Launches Debut for Underground Operation on Home Ground
Graffiti slogans and leaflets calling for the overthrow of president Bashar Assad appeared this week at centrally-located road junctions and city squares for the first time in modern Syria’s 35-year old history.
Such overt signs of dissent were unheard in the time of President Hafez Assad and since he was succeeded by his son – until now. For Bashar the worst news is that the slogans were not smeared on the walls of Damascus, the capital, but at his Allawite clan’s strongholds in the outlying towns of Latakiya, Banias and Tartus. The Allawite community is the backbone of the regime and army.
In Damascus and Aleppo, the Reform Party of Syria (RPS) posted hundreds of large posters portraying the exiled Farid Ghadry and members of his executive. He was shown standing against a large Syrian flag and labeled “the benevolent son of Syria.”
Syrian police quickly tore down the posters, but not before they were circulated on the Internet. In the day of Bashar’s father, Syrian tank guns killed 20,000 people to quell protest in the Muslim Brotherhood district of Hama.

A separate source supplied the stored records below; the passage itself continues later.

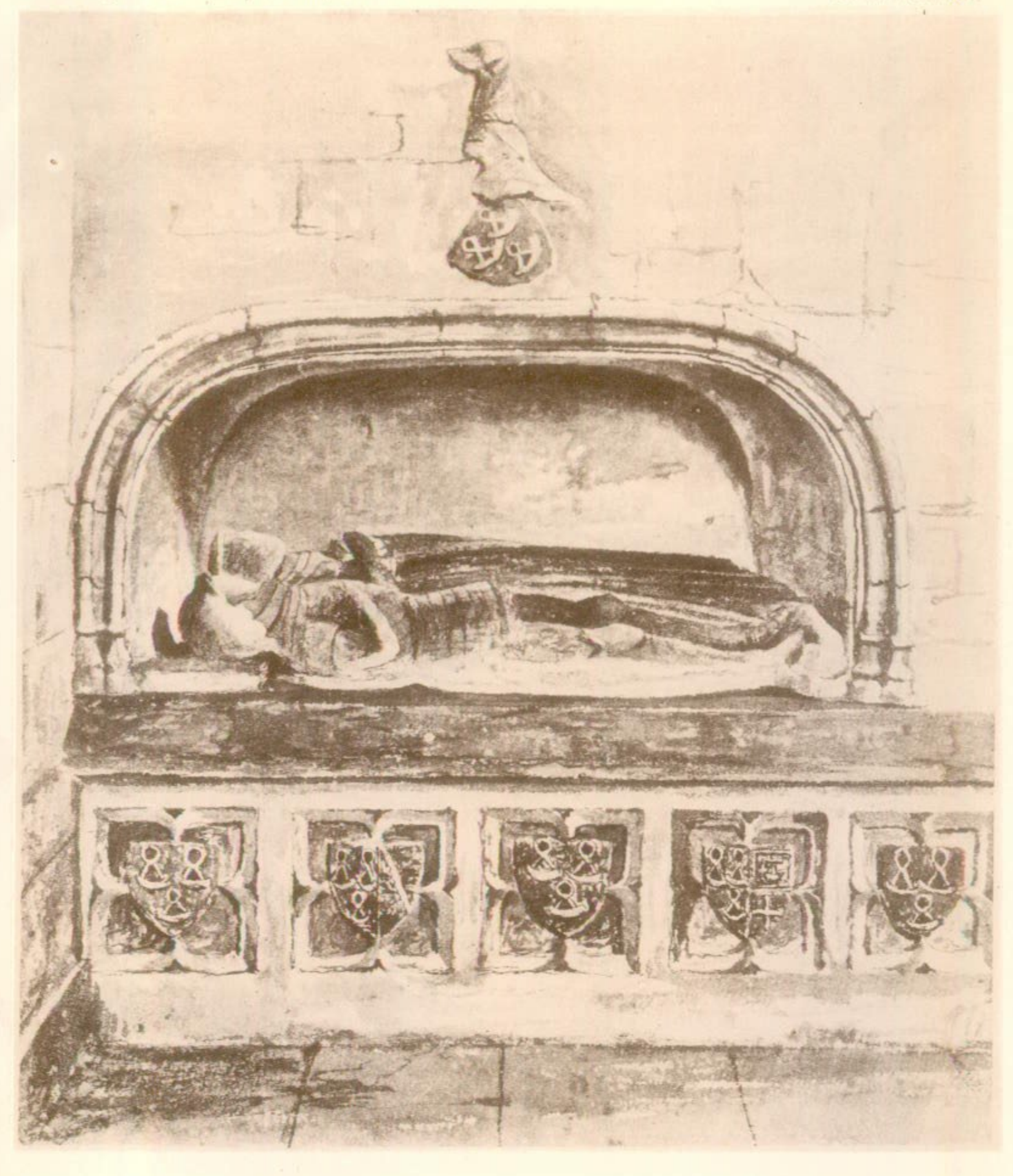
MONUMENT OF SIR JOHN FORRESTER OF CORSTORPHINE. (1440)
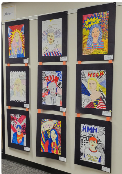
Pop Art Created by Abbott Students

Twenty five Abbott Warriors are showcased in this years Middle School Art Show. The student art will be on display through April 1, 2023, at Elgin State Bank, 50 Tyler Creek Plaza, Elgin, IL., during regular bank hours. Be sure to go see some of the wonderful things our students are creating!
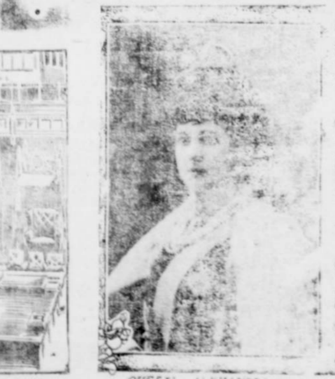
King Edward and Queen Alexandra are now Making a Tour of Ireland
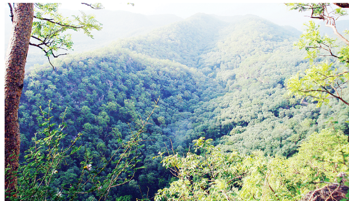
The luxuriant forests of Sariska have always attracted the Bollywoodians.
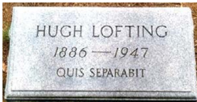
Lofting's gravestone.
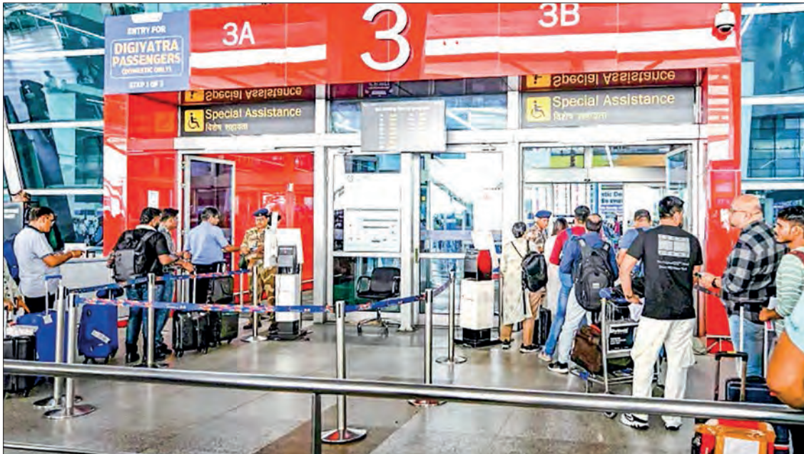
Flight passengers align at security check points in the Indira Gandhi International Airport of New Delhi.

This development stems from the key consensus reached by President Xi Jinping and Prime Minister Narendra Modi during their 31 August meeting in Tianjin.

DEBKA-Net-Weekly‘s Middle East sources reveal that the public marks of dissent blossoming in Syria are the direct outcome of a covert meeting of Syrian opposition leaders in Berlin earlier this month. Our intelligence sources report that the meeting was organized, funded and secured by the Germany BND external intelligence service. Angela Merkel became the first German chancellor to join the United States and France in a direct action campaign to oust Assad.
We can report the main resolutions carried at the meeting:
1. To foment a civil disobedience campaign in Syria. To bring this about, the participants voted to add two new members to the executive committee of the Syrian National Salvation Front. Both live in Syria and were introduced under the aliases of Mohammed Said and Dr. Ali Othman to protect them from Syrian security service spies.
This pair was responsible for the displays of graffiti and posters.
Operating in top gear from European capitals
2. A delegation was dispatched to Washington with a strong request to refrain from taking direct action in Syria, certainly not on the Iraqi format, because the opposition has enough strength to topple the Assad regime on its own. They point out that their front brings together the key opposition forces in Syria such as Kurds, Sunni Muslims, Muslim Brethren and even some elements of the Allawi sect, opposed to the president.
3. For the first time in decades, the government begins to look as though it fears a storm in the offing. One indication is the way Assad is holding off a military response to the Israeli strike against the Syrian nuclear facility on Sept. 6. Damascus-watchers do not believe a clear decision was taken to exercise restraint, but that the heads of the regime are in no state for resolute action. They predict that this hesitancy and impotence will soon spread to other facets of governance in Damascus.
4. The former Syria vice president Abd al-Halim Khaddam was credited with the failure of a single Arab state to express its solidarity with Damascus after the Israeli attack. He went from capital to capital to persuade their governments to stay on the sidelines.
The meeting decided to cooperate closely with the Syrian tycoon Rifat Assad, Bashar’s uncle, who is giving the Syrian opposition in exile the use of his satellite television station ANN which beams opposition messages directly to Syrian viewers from London, and his popular Internet radio station.
Our sources report too that Rifat has told his son Zoray Assad and grandson Somer Assad to drop their businesses and concentrate on working for the Syrian opposition, which now runs branches in most important European capitals.
Khaddam works out of Brussels and liaises with European Union institutions and the NATO command, demonstrating that he is no American stooge. Rifat runs opposition affairs from Marbella, Spain, Zoray operates in Paris where he has good connections in French government and intelligence circles, whle the London end is held down by Muslim Brotherhood leader Ali Sadr Al-Din Baynouni and Rifat’s grandson Somer.